The overall incidence of IPNs was 20.6 %, with multiple IPNs accounting for 38.5 % of the IPN-positive cases. A significantly higher proportion of patients in the IPN-positive group had bone involvement exceeding one-third of the total affected bone compared to the no-IPN group (57.7 % vs. 34.0 %, p = 0.016). While univariate analysis suggested a potential association between tumor diameter > 8 cm and IPN occurrence (odds ratio [OR] = 2.08, 95 % confidence interval [CI]: 0.83-5.21, p = 0.120), this was not statistically significant in multivariate analysis (OR = 3.61, p = 0.283). Kaplan-Meier survival analysis revealed that the 3-year metastasis-free survival (MFS) and overall survival (OS) rates in the IPN-positive group were significantly lower than those in the no-IPN group (MFS: 57.7 % vs. 64.0 %, p = 0.03; OS: 65.4 % vs. 76.0 %, p = 0.04). Further subgroup analysis indicated that while solitary IPN cases had survival outcomes comparable to those without IPNs, multiple IPN cases exhibited a markedly reduced 5-year OS (30.0 % vs. 69.0 %, p = 0.045). Cox regression analysis demonstrated that multiple IPNs increased the risk of death by 2.87-fold (hazard ratio [HR] = 2.87, p = 0.020).

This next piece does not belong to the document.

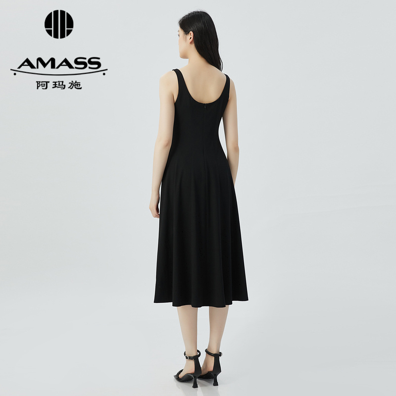 阿玛施AMASS 简约气质复古无袖收腰洋装5500546

Indeterminate Pulmonary Nodules are relatively common in pediatric osteosarcoma patients. In particular, multiple IPNs are strongly associated with a higher tumor burden and increased metastatic potential, serving as an independent indicator of poor prognosis. These findings emphasize the importance of preoperative IPN assessment and risk stratification in guiding individualized treatment strategies.

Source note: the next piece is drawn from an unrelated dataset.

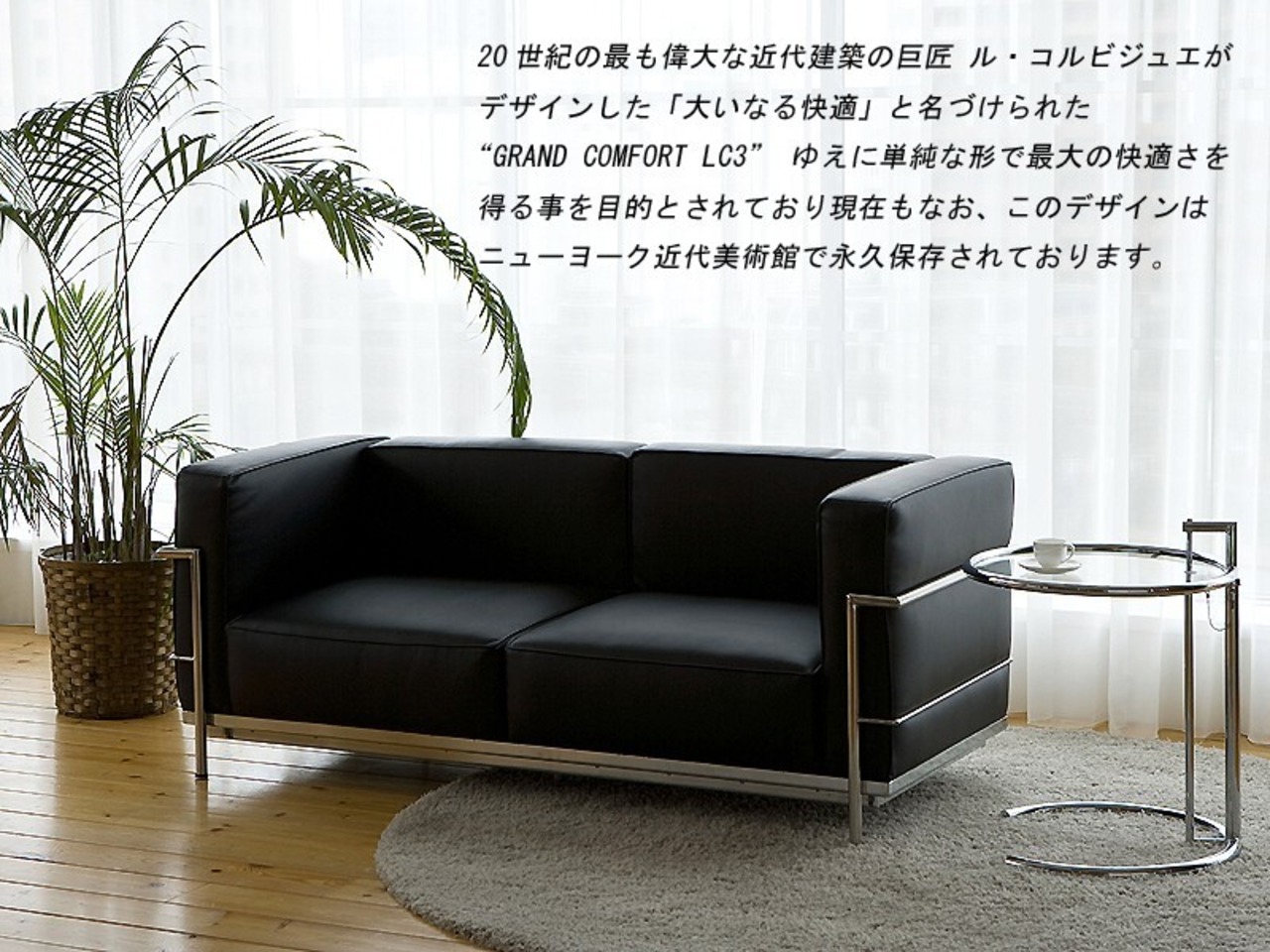 20世紀最も偉大な近代建築の巨匠 ル・コルビジュエの作品“LC3グランコンフォート”です。彼は建築においてもサヴォア邸、ロンシャン教会など数々の世界の建築史に残る作品を残してきた偉大な近代建築の巨匠です。 そして、この作品はグランコンフォート“GRAND COMFORT 「大いなる快適」”という意味で、単純な形で最大の快適さを得る事を目的とされており、金属パイプのフレームに革のクッションをはめ込むようにデザインされております。このLC3はコルビュジェの数あるデザインの中でも、大変評価が高い作品です。Mies、フランクロイドライトなどと並び、近代建築の20世紀の3大巨匠のひとり ル・コルビジュエの20世紀不朽の名作”LC3ソファ”をご体感して頂ければと思います。

骨肉瘤是儿童和青少年患者中最常见的原发性恶性骨肿瘤。尽管肺转移是预后的关键驱动因素,但不确定肺结节(IPNs)在风险分层中的作用仍未得到充分界定。
本研究旨在评估儿童和青少年骨肉瘤患者中IPNs的发生率、进展情况及预后意义,为临床分期和治疗策略的制定提供见解。
我们回顾性分析了2012年1月至2022年1月在河南省肿瘤医院接受治疗的126例20岁及以下骨肉瘤患者的临床资料。使用治疗前肺部薄层计算机断层扫描(CT)将患者分为三组:无IPN(n = 100)、孤立性IPN(n = 16)和多发性IPN(n = 10)。收集基线特征、原发肿瘤参数、治疗方式和随访数据。进行单因素和多因素分析以评估危险因素和生存结果。
IPNs的总体发生率为20.6%,其中多发性IPN占IPN阳性病例的38.5%。与无IPN组相比,IPN阳性组中骨受累超过总受累骨三分之一的患者比例显著更高(57.7%对34.0%,p = 0.016)。虽然单因素分析表明肿瘤直径>8 cm与IPN发生之间可能存在关联(优势比[OR]=2.08,95%置信区间[CI]:0.83 - 5.21,p = 0.120),但在多因素分析中这一结果无统计学意义(OR = 3.61,p = 0.283)。Kaplan-Meier生存分析显示,IPN阳性组的3年无转移生存率(MFS)和总生存率(OS)显著低于无IPN组(MFS:57.7%对64.0%,p = 0.03;OS:65.4%对76.0%,p = 0.04)。进一步的亚组分析表明,虽然孤立性IPN病例的生存结果与无IPN的病例相当,但多发性IPN病例的5年OS明显降低(30.0%对69.0%,p = 0.045)。Cox回归分析表明,多发性IPN使死亡风险增加2.87倍(风险比[HR]=2.87,p = 0.020)。
不确定肺结节在儿童骨肉瘤患者中相对常见。特别是,多发性IPN与更高的肿瘤负荷和增加的转移潜能密切相关,是预后不良的独立指标。这些发现强调了术前IPN评估和风险分层在指导个体化治疗策略中的重要性。